Court Opinion

ID: 1356019
Source: CourtListenerOpinion
Date Created: 2013-10-30 05:44:43.147282+00
Date Added: 2024-06-11T12:31:43.642763
License: Public Domain

290 S.E.2d 744 (1982)
STATE of North Carolina
v.
William Lee DUNLAP.
No. 8126SC1114.
Court of Appeals of North Carolina.
May 4, 1982.
*745 Atty. Gen. Rufus L. Edmisten by Asst. Atty. Gen. W. Dale Talbert, Raleigh, for the State.
Peter H. Gerns, Charlotte, for defendant appellant.
HARRY C. MARTIN, Judge.
Defendant confines his argument to the assignments of error relating to the court's denial of his motion to dismiss for the state's failure to proceed to trial as required under the provisions of the Interstate Agreement on Detainers, N.C.G.S. 15A-761 to -767. The pertinent part of the statute is:
Article III
(a) Whenever a person has entered upon a term of imprisonment in a penal or correctional institution of a party state, and whenever during the continuance of the term of imprisonment there is pending in any other party state any untried indictment, information or complaint on the basis of which a detainer has been lodged against the prisoner, he shall be brought to trial within 180 days after he shall have caused to be delivered to the prosecuting officer and the appropriate court of the prosecuting officer's jurisdiction written notice of the place of his imprisonment and his request for a final disposition to be made of the indictment, information or complaint.
In denying defendant's motion, the court concluded that although defendant's evidence showed conclusively that more than 180 days had passed since written notice of his request for final disposition had been delivered to the Mecklenburg County authorities, the 180 days had not passed during the continuance of imprisonment in a correctional institution, "defendant's imprisonment having terminated on the 30th day of September, 1980, in the New York facility, and the Act not being applicable thereafter."

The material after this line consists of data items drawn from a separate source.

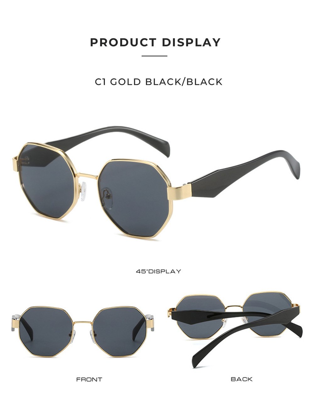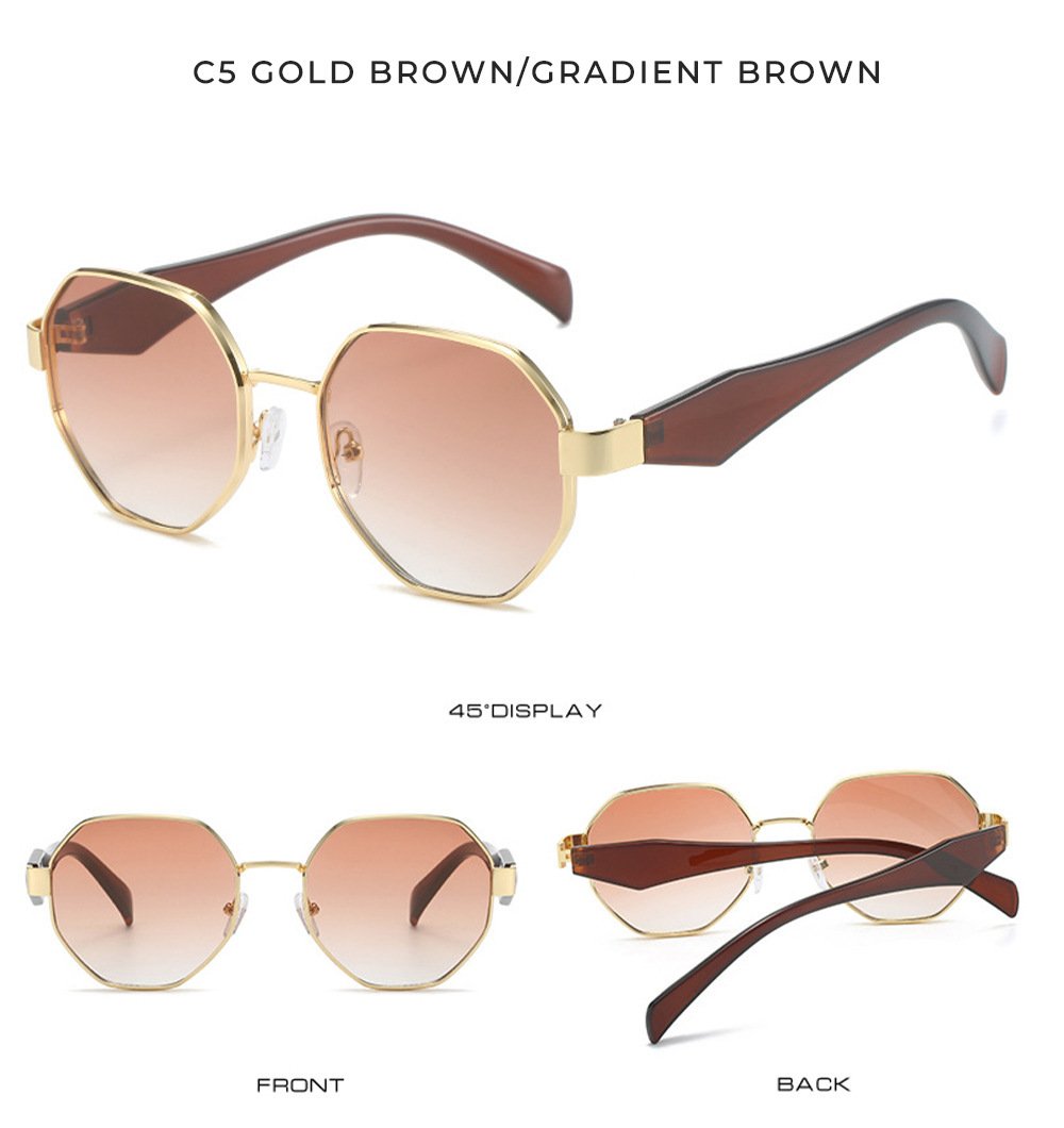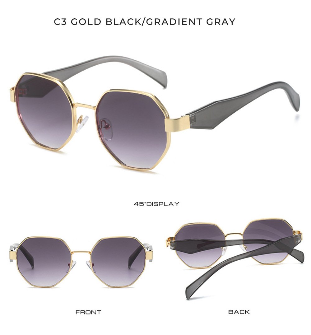 Color: C1: gold frame black leg black and gray lens sunglasses, C2: gold frame beige leg black and gray lens sunglasses, C3: gold frame black leg gradient gray sunglasses, C4: gold Frame blue leg gray dry sunglasses, C5: gold frame tea leg gradient tea sunglasses, C6 gold frame white leg black and gray lens sunglasses
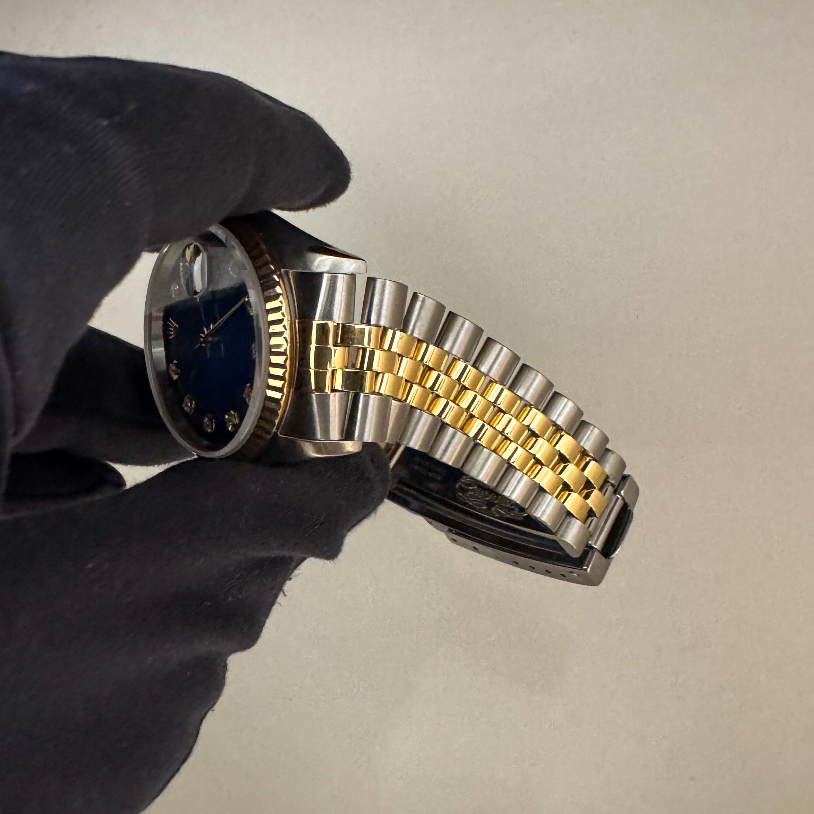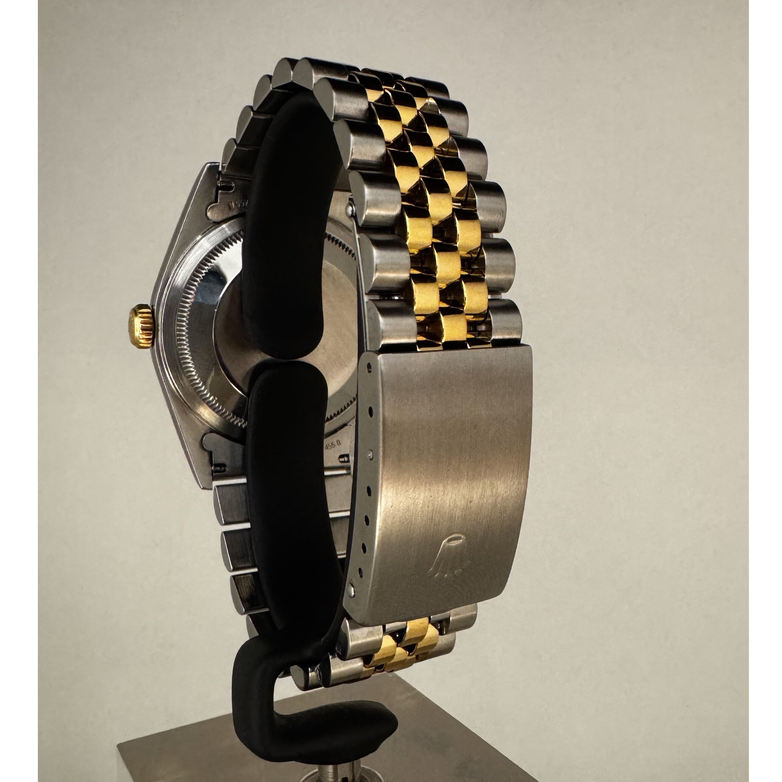 La montre est en bon état général sur son bracelet jubilé Rolex en or et acier légèrement détendu.
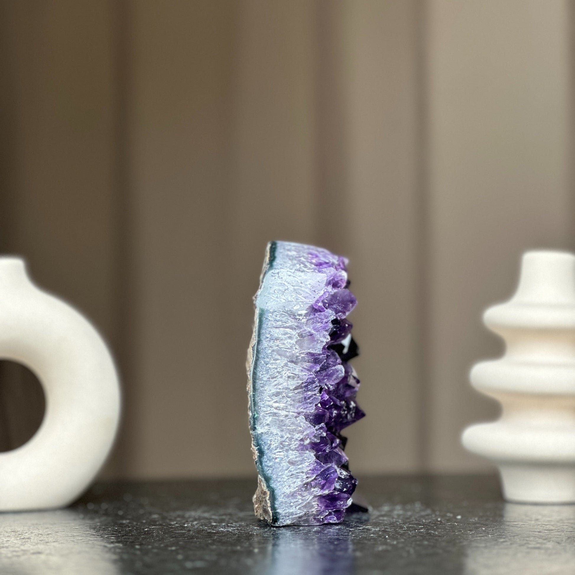 Its vibrant deep purple color is characteristic of the geodes extracted from URUGUAY, one of the few places in the world where you can find. It was extracted respecting the strict standards of open-pit mining in our country that ensure the safe work.

It is defendant's contention that his release from prison before the expiration of the 180-day period should have no bearing on his right to a speedy trial under the Interstate Agreement on Detainers. We disagree. The act provides
that charges outstanding against a prisoner, detainers based on untried indictments, informations or complaints, and difficulties in securing speedy trial of persons already incarcerated in other jurisdictions, produce uncertainties which obstruct programs of prisoner treatment and rehabilitation. Accordingly, it is the policy of the party states and the purpose of this agreement to encourage the expeditious and orderly disposition of such charges and determination of the proper status of any and all detainers....
N.C.Gen.Stat. § 15A-761, art. I (1978).
Thus, the purpose of the agreement on detainers is to obviate difficulties in securing speedy trials of persons incarcerated in other jurisdictions and to minimize the time during which there is an inherent danger that a prisoner may forego preferred treatment or rehabilitative benefits. A prisoner's release during the 180-day period essentially nullifies the stated purposes of the act by removing the difficulty of bringing the *746 prisoner to trial while he is incarcerated in an out-of-state prison. Moreover, once he is released, the cloud of the detainer no longer has an adverse effect on the prisoner's status within the prison.
We hold that upon the release of defendant from prison in New York before the expiration of the 180-day period, the Interstate Agreement on Detainers no longer governed defendant's right to a speedy trial. Upon his release, defendant's right to a speedy trial was fully protected under the provisions of the Speedy Trial Act, N.C.G.S. 15A-701 to -704, with which the state complied.
No error.
MORRIS, C. J., and CLARK, J., concur.